■ **Activity**
Exclude all pictures. Then restate, word for word, the entries from the first line through the line that contains "餐飲業後台電子化資助計劃由澳".

■ **Exercise material**
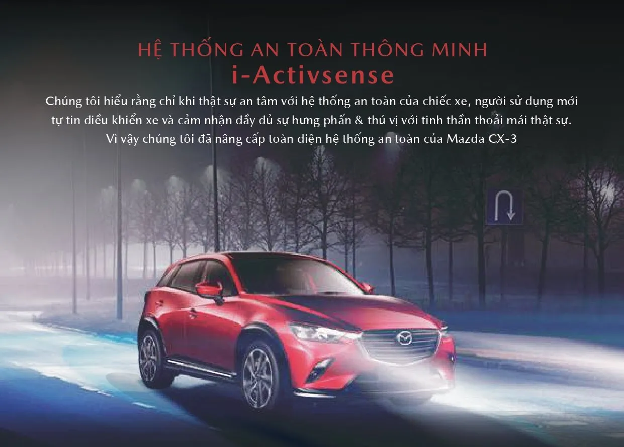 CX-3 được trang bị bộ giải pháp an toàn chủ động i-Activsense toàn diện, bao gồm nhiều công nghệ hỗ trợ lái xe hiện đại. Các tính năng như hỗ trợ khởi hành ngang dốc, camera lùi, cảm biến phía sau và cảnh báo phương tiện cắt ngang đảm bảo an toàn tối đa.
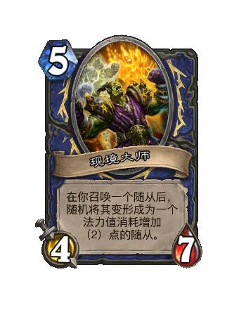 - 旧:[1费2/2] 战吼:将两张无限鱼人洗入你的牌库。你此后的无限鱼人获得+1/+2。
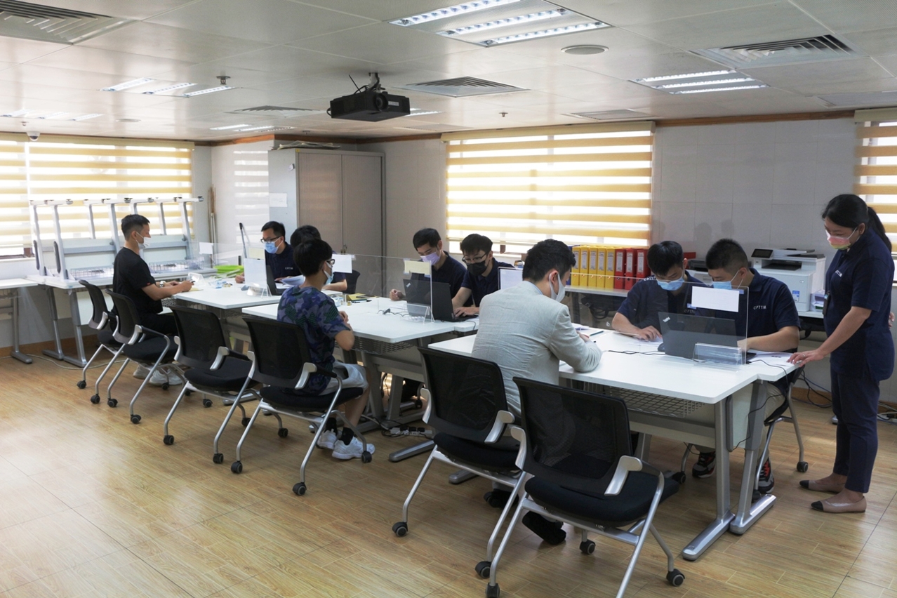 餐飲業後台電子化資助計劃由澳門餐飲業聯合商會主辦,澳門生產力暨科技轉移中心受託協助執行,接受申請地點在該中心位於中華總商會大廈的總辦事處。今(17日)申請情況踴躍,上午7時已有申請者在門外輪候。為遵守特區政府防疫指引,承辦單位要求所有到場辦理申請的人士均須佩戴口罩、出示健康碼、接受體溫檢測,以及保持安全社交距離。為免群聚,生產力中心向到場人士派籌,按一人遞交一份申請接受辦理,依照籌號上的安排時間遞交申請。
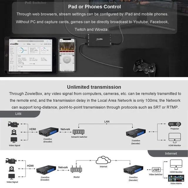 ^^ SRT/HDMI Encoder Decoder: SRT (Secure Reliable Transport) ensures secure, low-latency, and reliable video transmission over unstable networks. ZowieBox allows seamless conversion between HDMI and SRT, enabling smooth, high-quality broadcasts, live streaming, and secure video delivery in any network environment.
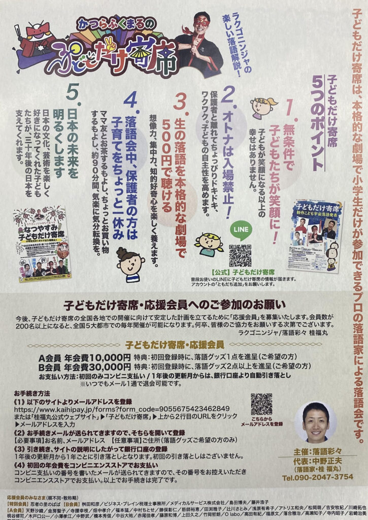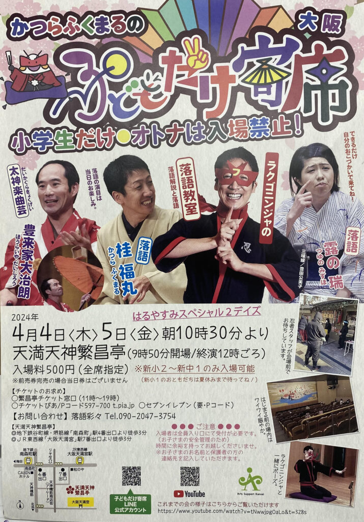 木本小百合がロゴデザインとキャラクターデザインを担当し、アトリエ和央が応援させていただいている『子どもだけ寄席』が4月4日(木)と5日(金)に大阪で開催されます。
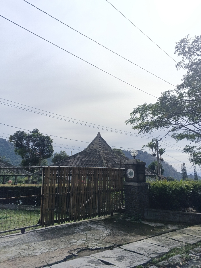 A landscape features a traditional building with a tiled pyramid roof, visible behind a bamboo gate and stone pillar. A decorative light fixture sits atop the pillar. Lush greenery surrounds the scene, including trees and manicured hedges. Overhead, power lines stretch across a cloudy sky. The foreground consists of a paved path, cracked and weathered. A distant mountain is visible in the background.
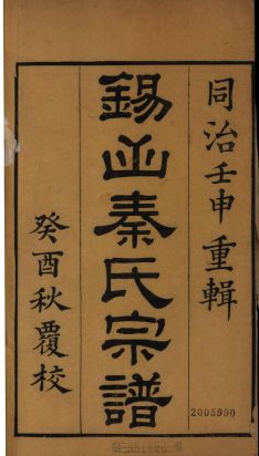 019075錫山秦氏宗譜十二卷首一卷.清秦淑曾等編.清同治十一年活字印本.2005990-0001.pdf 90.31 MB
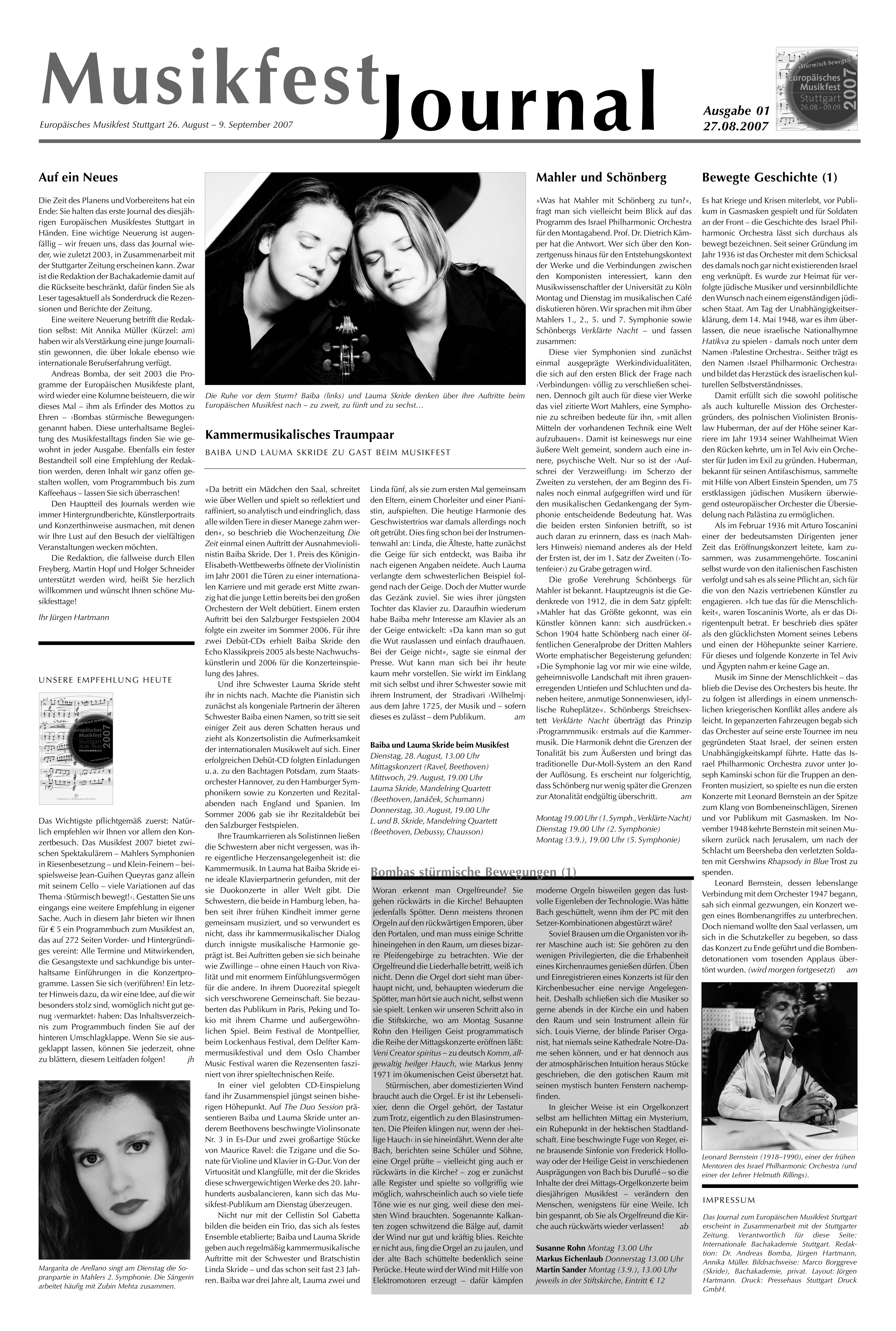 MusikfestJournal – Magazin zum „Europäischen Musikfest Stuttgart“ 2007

■ **Worked solution**
 CX-3 được trang bị bộ giải pháp an toàn chủ động i-Activsense toàn diện, bao gồm nhiều công nghệ hỗ trợ lái xe hiện đại. Các tính năng như hỗ trợ khởi hành ngang dốc, camera lùi, cảm biến phía sau và cảnh báo phương tiện cắt ngang đảm bảo an toàn tối đa.
 - 旧:[1费2/2] 战吼:将两张无限鱼人洗入你的牌库。你此后的无限鱼人获得+1/+2。
 餐飲業後台電子化資助計劃由澳門餐飲業聯合商會主辦,澳門生產力暨科技轉移中心受託協助執行,接受申請地點在該中心位於中華總商會大廈的總辦事處。今(17日)申請情況踴躍,上午7時已有申請者在門外輪候。為遵守特區政府防疫指引,承辦單位要求所有到場辦理申請的人士均須佩戴口罩、出示健康碼、接受體溫檢測,以及保持安全社交距離。為免群聚,生產力中心向到場人士派籌,按一人遞交一份申請接受辦理,依照籌號上的安排時間遞交申請。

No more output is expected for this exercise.